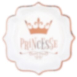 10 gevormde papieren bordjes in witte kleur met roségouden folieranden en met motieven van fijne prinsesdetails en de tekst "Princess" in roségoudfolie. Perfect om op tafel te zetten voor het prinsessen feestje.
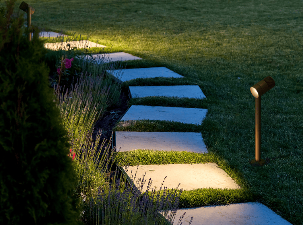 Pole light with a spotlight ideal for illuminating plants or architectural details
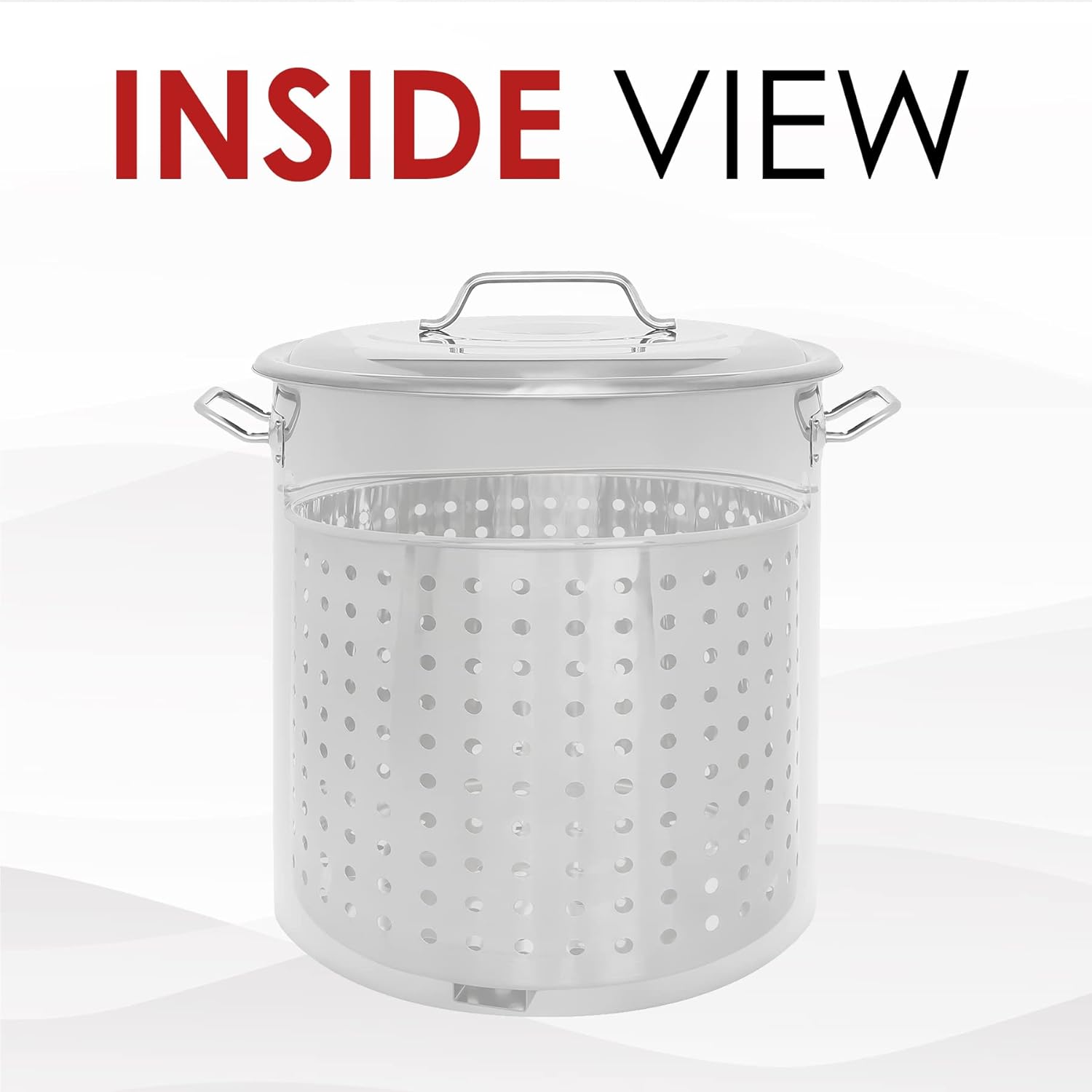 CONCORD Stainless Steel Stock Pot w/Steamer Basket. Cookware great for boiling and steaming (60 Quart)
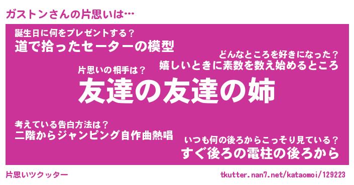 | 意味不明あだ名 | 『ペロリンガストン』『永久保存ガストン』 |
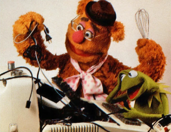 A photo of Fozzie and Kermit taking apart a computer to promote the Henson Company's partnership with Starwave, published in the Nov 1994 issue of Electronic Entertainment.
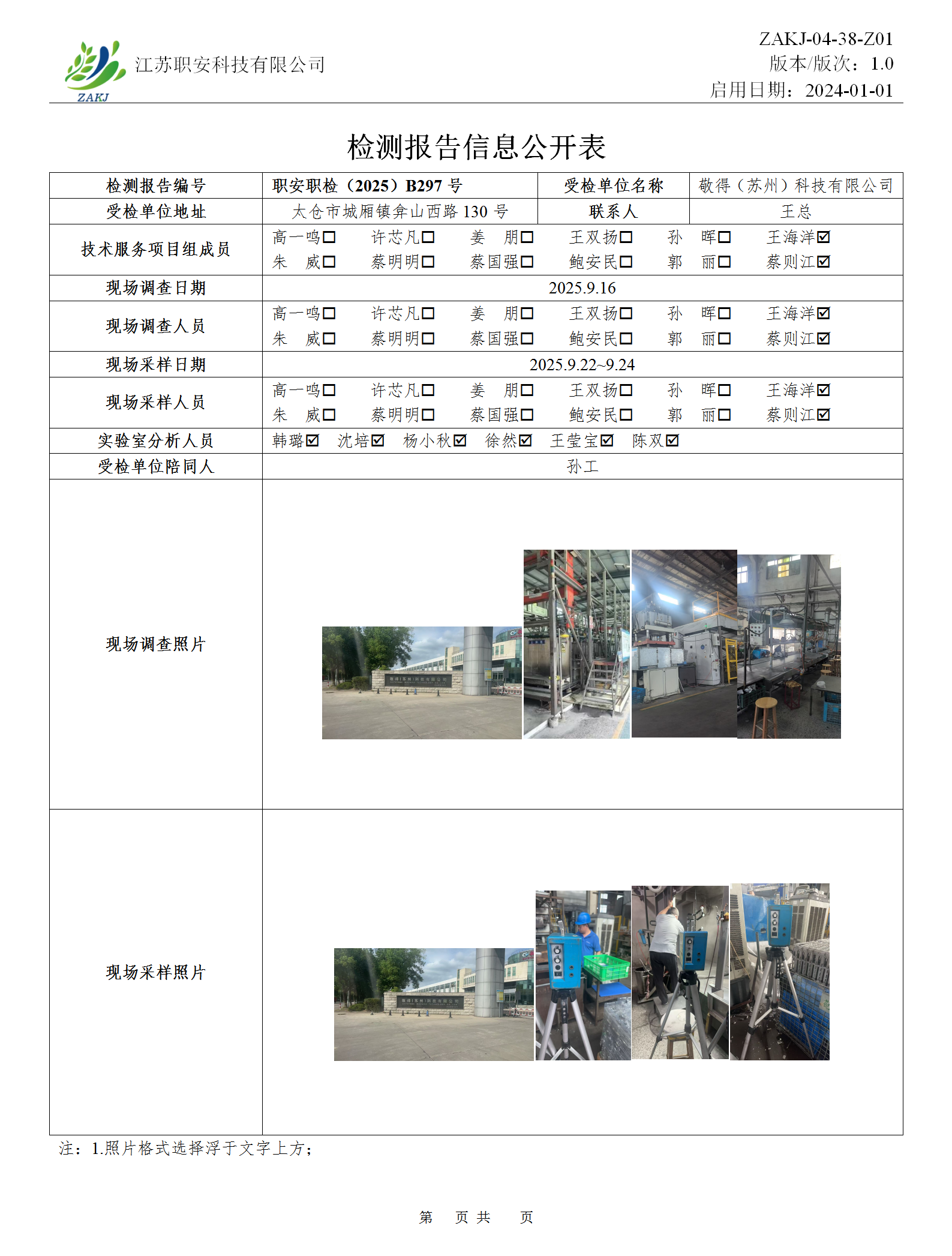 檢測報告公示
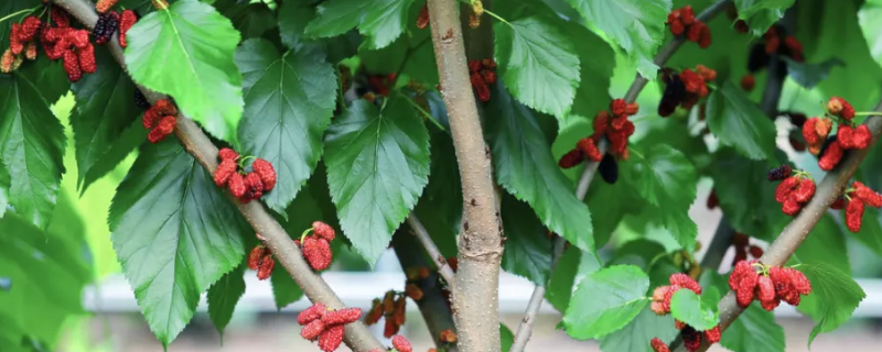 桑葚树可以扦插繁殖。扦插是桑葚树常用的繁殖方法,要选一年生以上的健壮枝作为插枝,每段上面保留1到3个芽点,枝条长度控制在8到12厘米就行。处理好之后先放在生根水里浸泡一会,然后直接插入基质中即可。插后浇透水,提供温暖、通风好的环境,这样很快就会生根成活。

◇ ◇ ◇ ◇

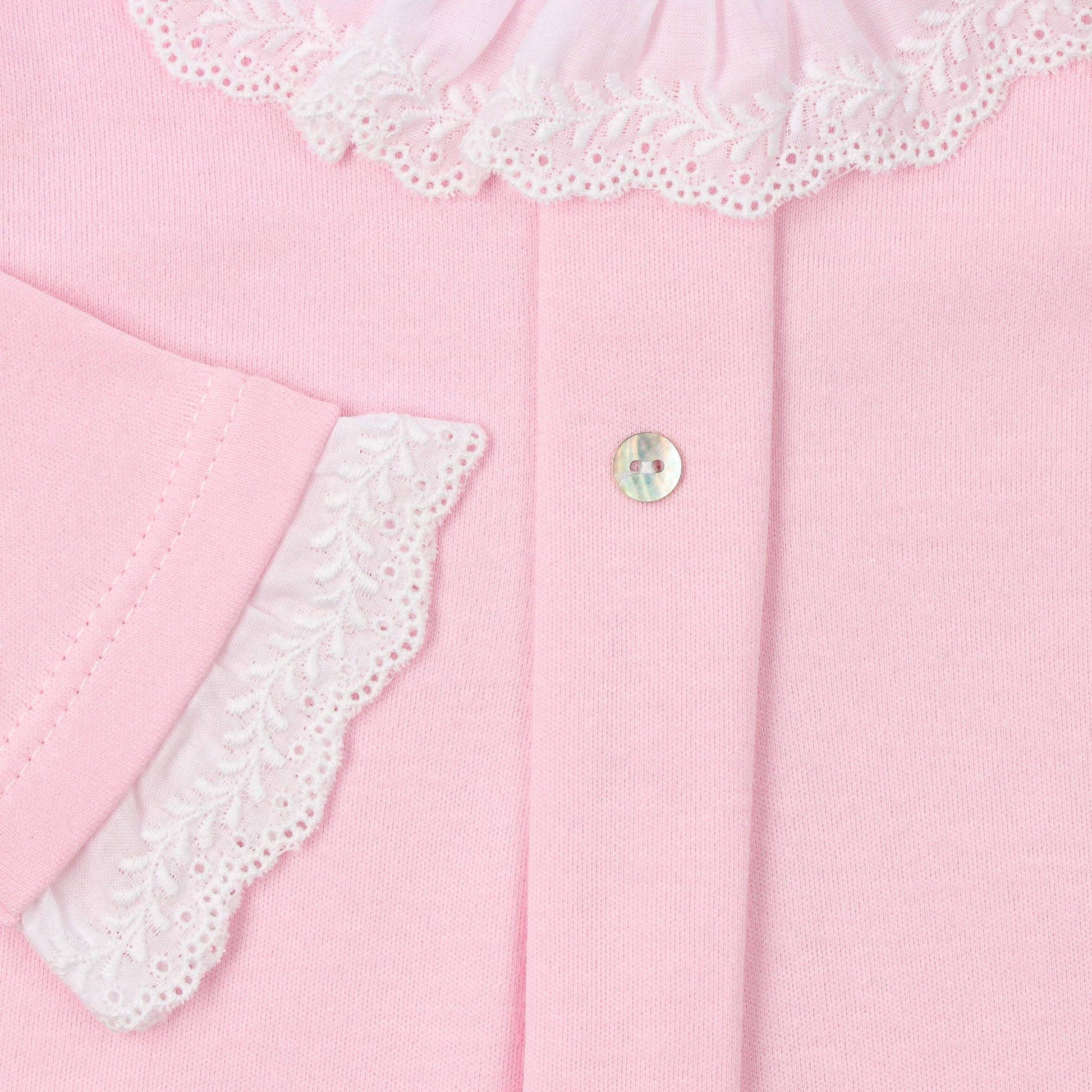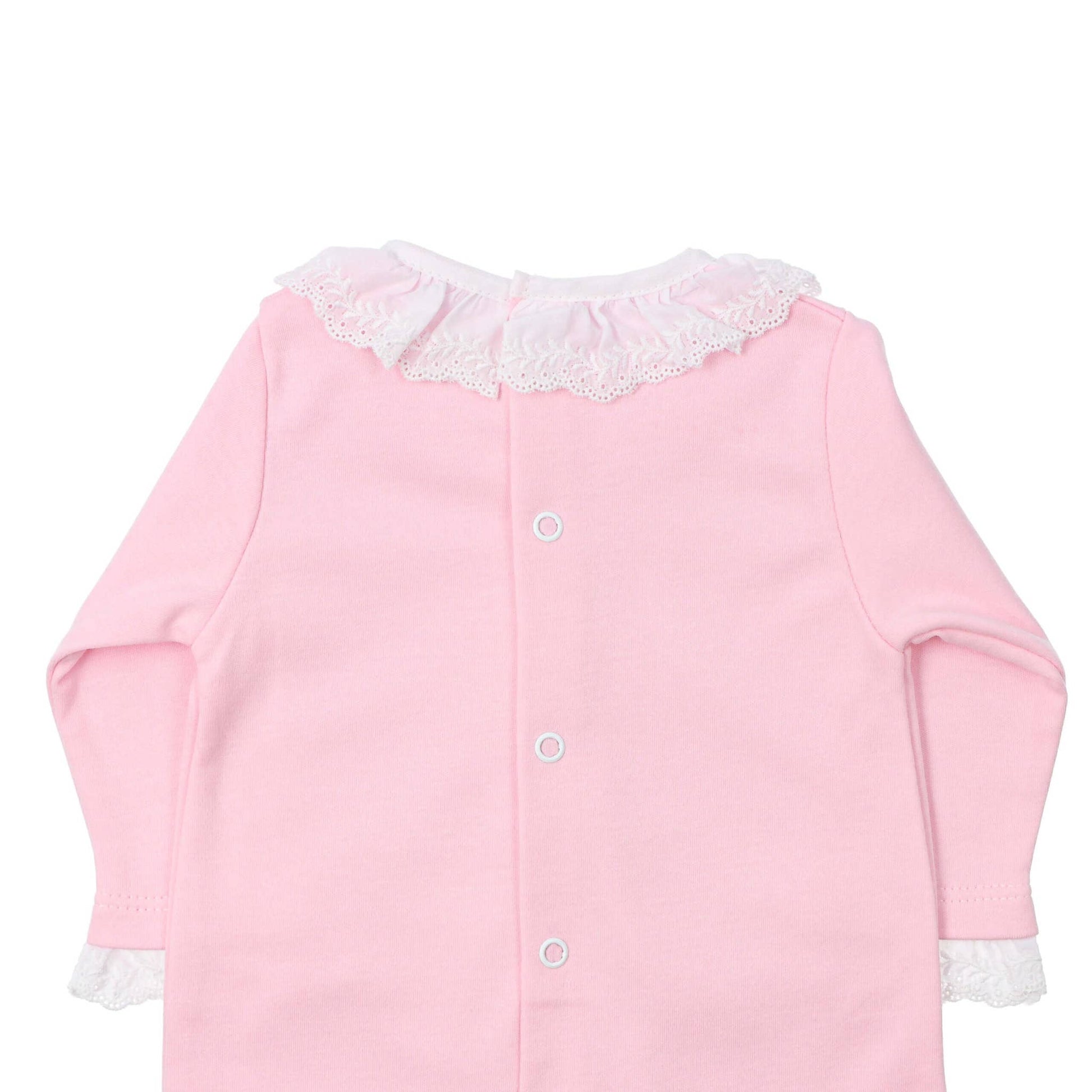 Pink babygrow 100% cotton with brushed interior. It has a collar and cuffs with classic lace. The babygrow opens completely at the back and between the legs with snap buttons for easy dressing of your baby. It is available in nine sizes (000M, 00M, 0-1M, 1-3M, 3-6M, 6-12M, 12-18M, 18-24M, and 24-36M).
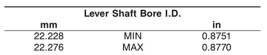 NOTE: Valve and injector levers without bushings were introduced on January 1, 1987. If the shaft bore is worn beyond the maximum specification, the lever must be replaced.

◇ ◇ ◇ ◇

Exercise directions:
Above are records with pictures. Reproduce exactly only the lines from the line with "Pole light with" through the line with "桑葚树可以扦插繁殖。扦插是桑", both ends included, and leave the pictures out.

Task output:
 Pole light with a spotlight ideal for illuminating plants or architectural details
 CONCORD Stainless Steel Stock Pot w/Steamer Basket. Cookware great for boiling and steaming (60 Quart)
 | 意味不明あだ名 | 『ペロリンガストン』『永久保存ガストン』 |
 A photo of Fozzie and Kermit taking apart a computer to promote the Henson Company's partnership with Starwave, published in the Nov 1994 issue of Electronic Entertainment.
 檢測報告公示
 桑葚树可以扦插繁殖。扦插是桑葚树常用的繁殖方法,要选一年生以上的健壮枝作为插枝,每段上面保留1到3个芽点,枝条长度控制在8到12厘米就行。处理好之后先放在生根水里浸泡一会,然后直接插入基质中即可。插后浇透水,提供温暖、通风好的环境,这样很快就会生根成活。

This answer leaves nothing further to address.